TASK PROMPT —
Could you retype exactly the lines below between the one holding "Add a touch" and the one holding "PC 화면 (쿠팡플레이)", inclusive, leaving out any pictures?

RECORDS —
"""

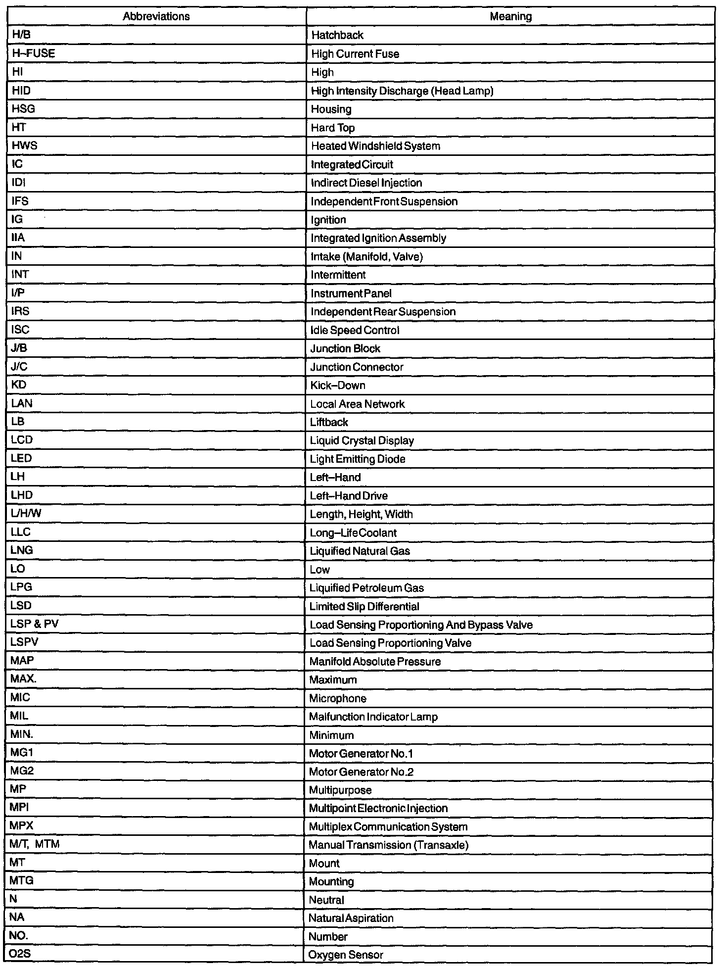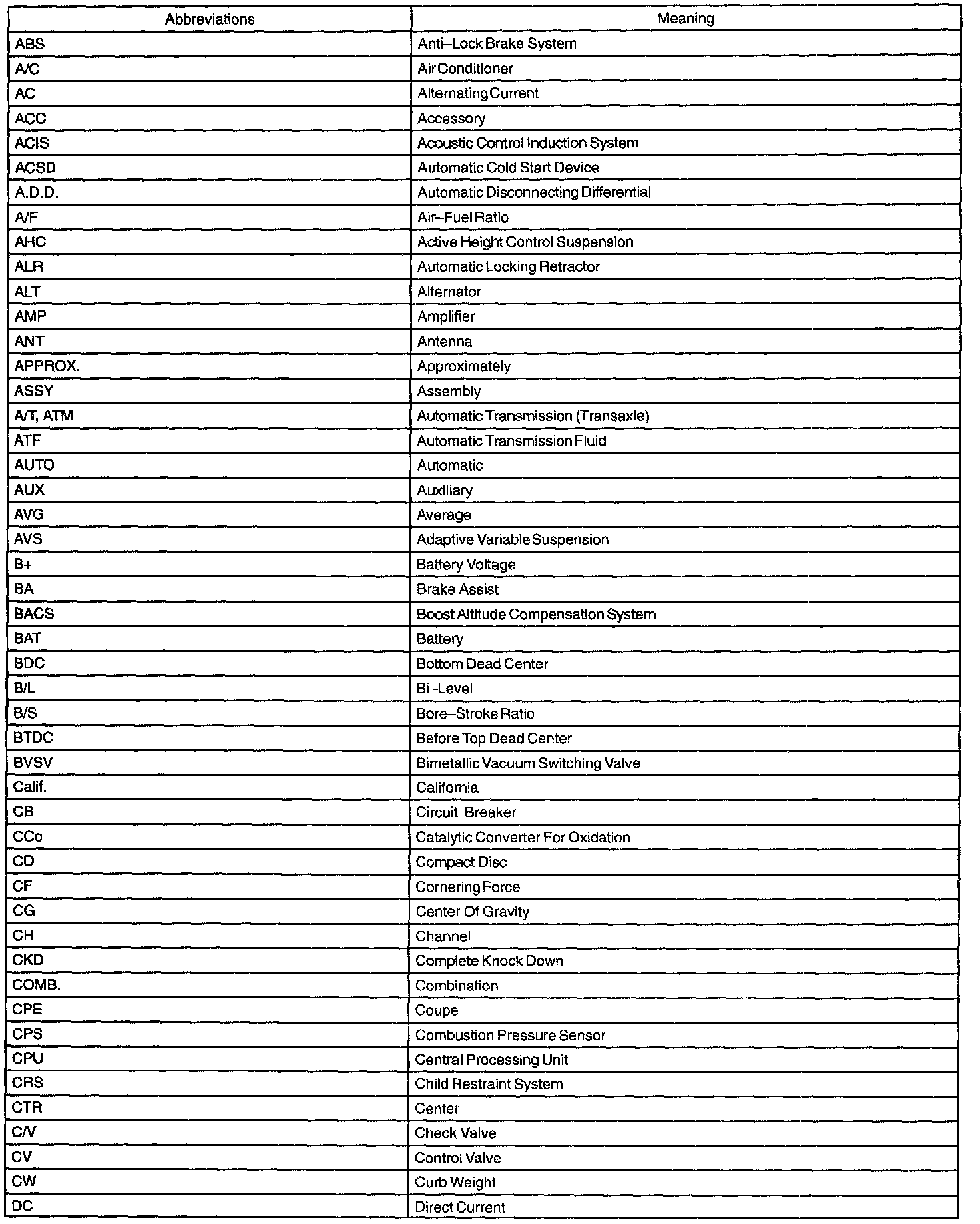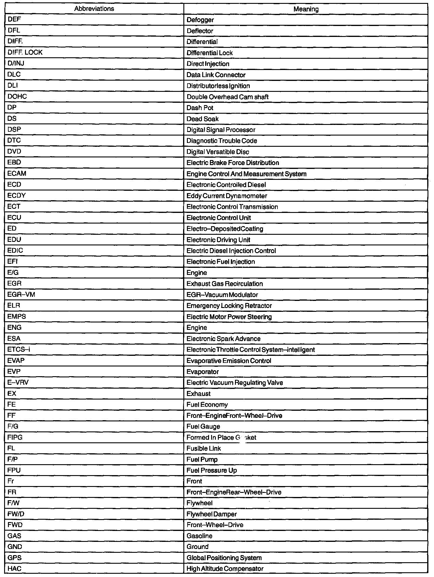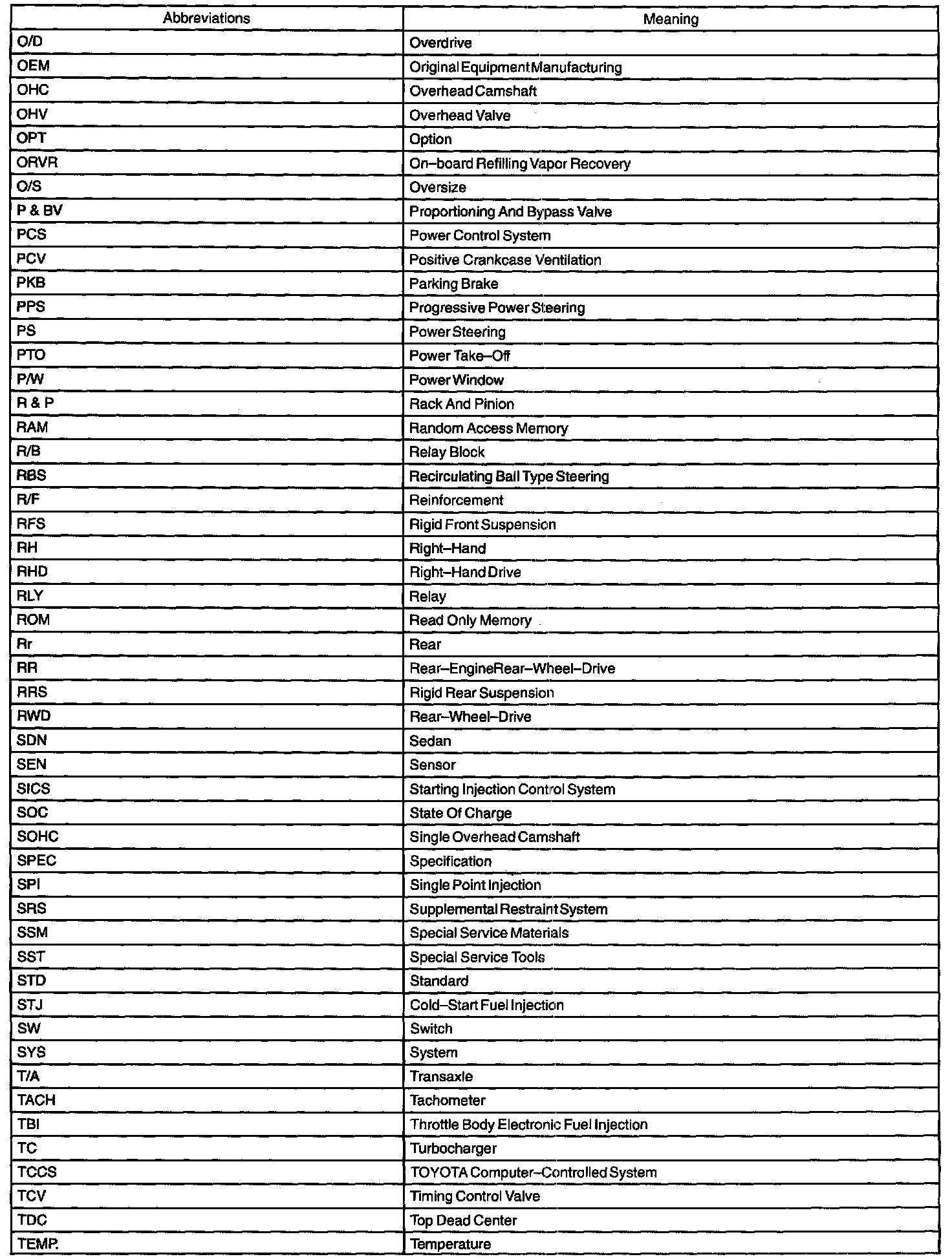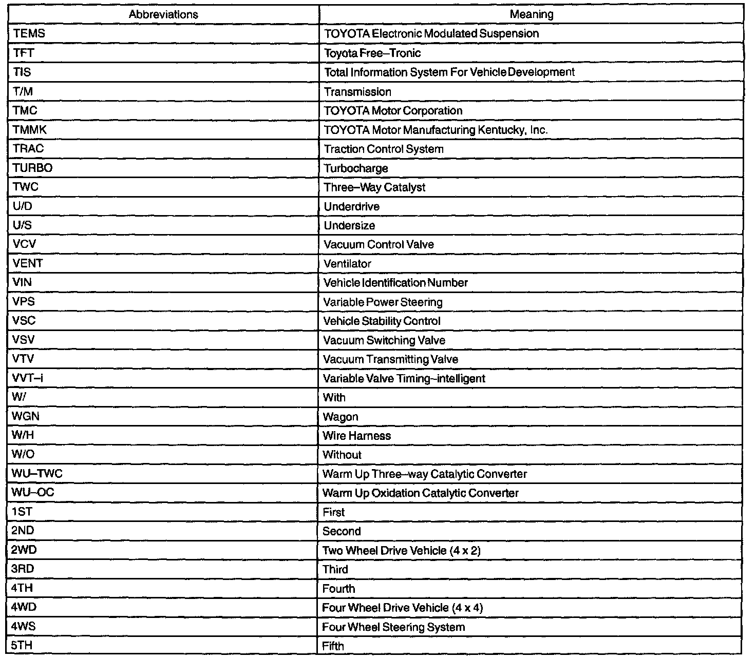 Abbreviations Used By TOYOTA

"""
"""

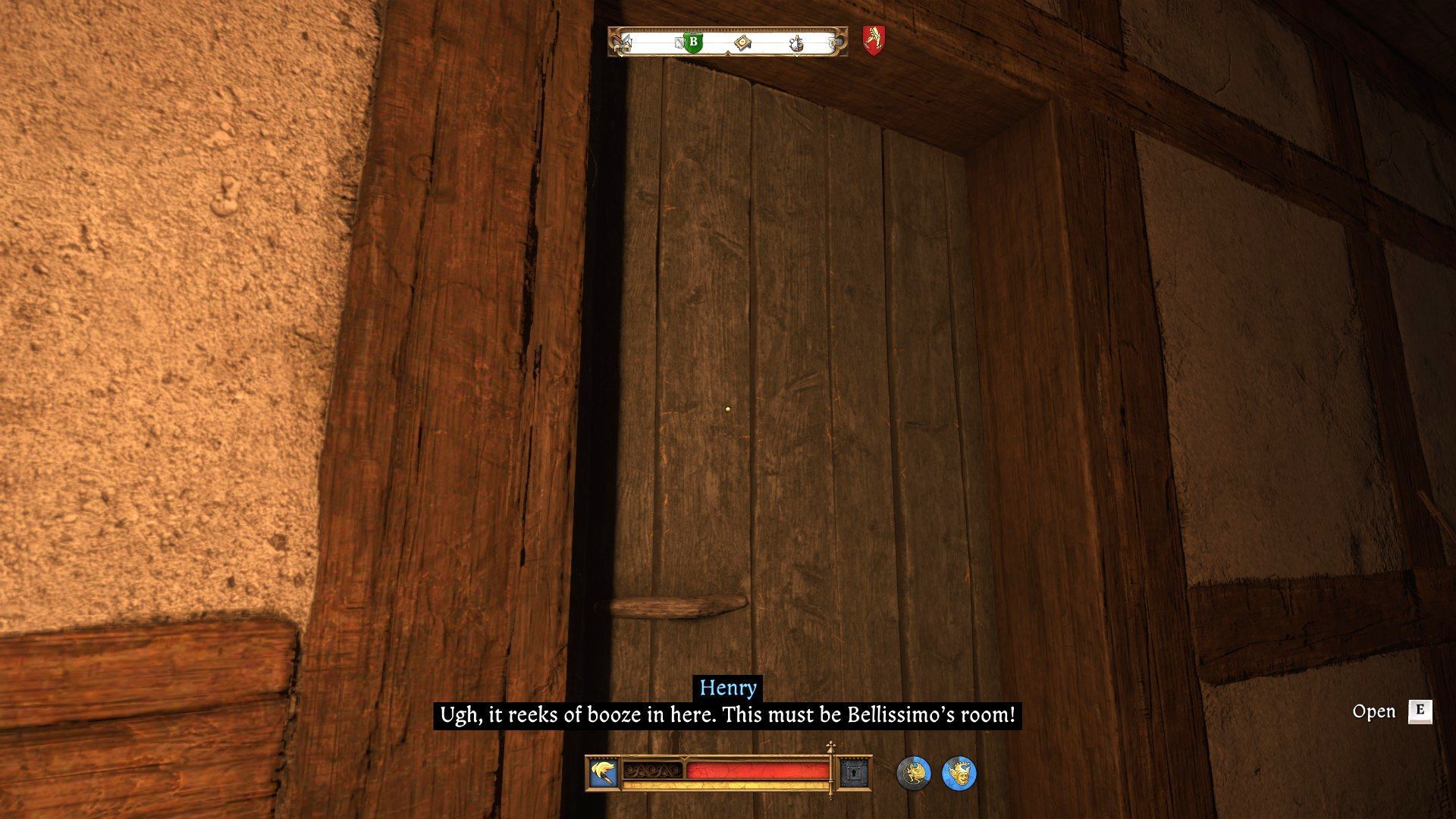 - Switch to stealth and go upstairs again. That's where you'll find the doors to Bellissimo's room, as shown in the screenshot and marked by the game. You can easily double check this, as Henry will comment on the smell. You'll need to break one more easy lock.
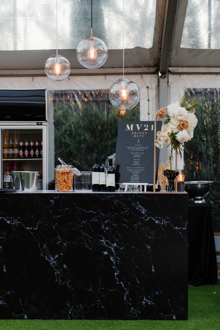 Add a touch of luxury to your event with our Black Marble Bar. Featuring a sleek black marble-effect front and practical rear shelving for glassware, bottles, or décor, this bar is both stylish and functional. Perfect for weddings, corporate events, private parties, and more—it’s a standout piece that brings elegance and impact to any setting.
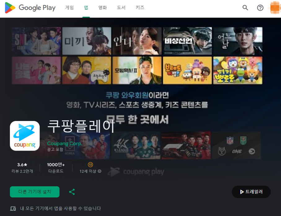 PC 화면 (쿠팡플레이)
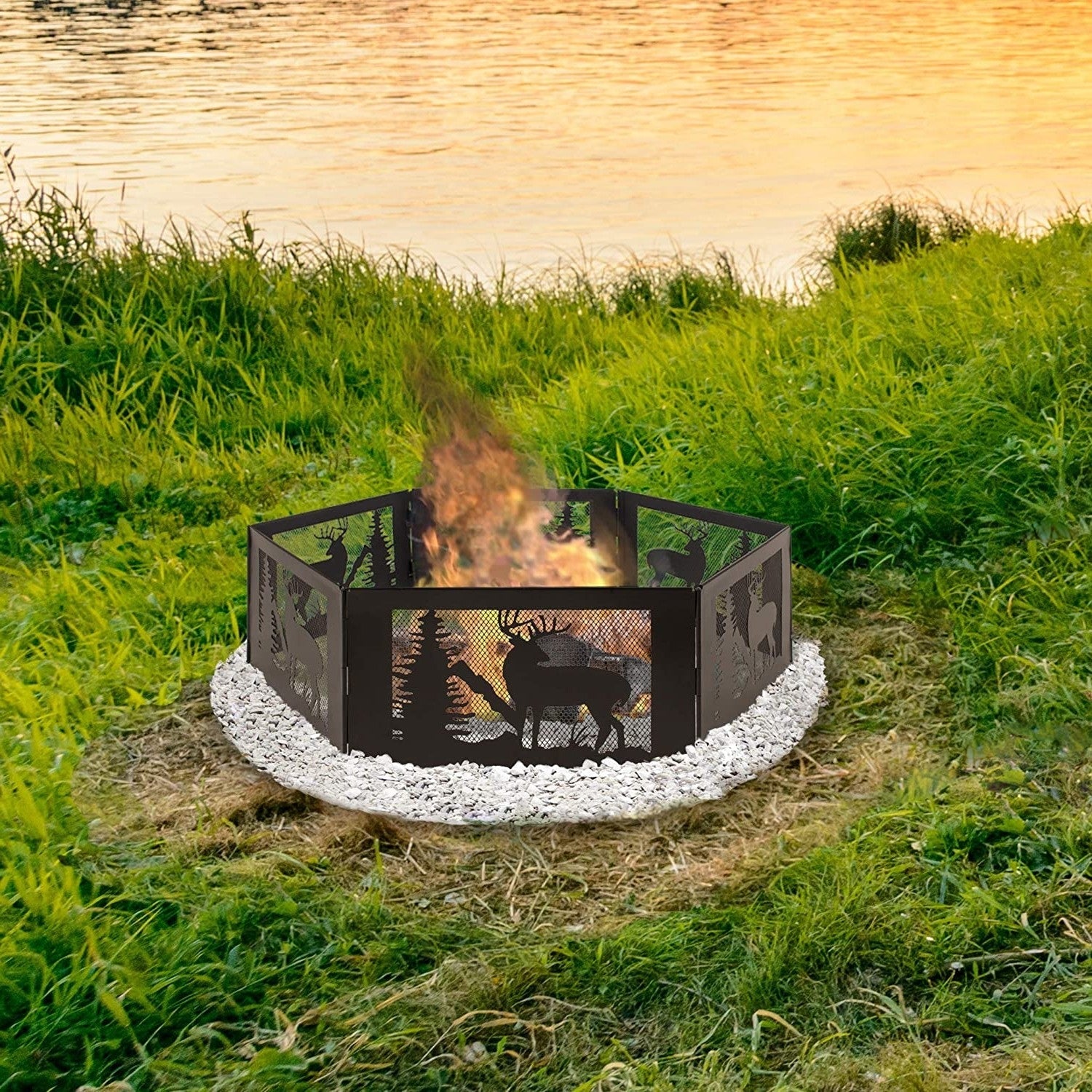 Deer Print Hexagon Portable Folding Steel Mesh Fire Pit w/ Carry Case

"""

OUTPUT FOR THIS TASK —
 Add a touch of luxury to your event with our Black Marble Bar. Featuring a sleek black marble-effect front and practical rear shelving for glassware, bottles, or décor, this bar is both stylish and functional. Perfect for weddings, corporate events, private parties, and more—it’s a standout piece that brings elegance and impact to any setting.
 PC 화면 (쿠팡플레이)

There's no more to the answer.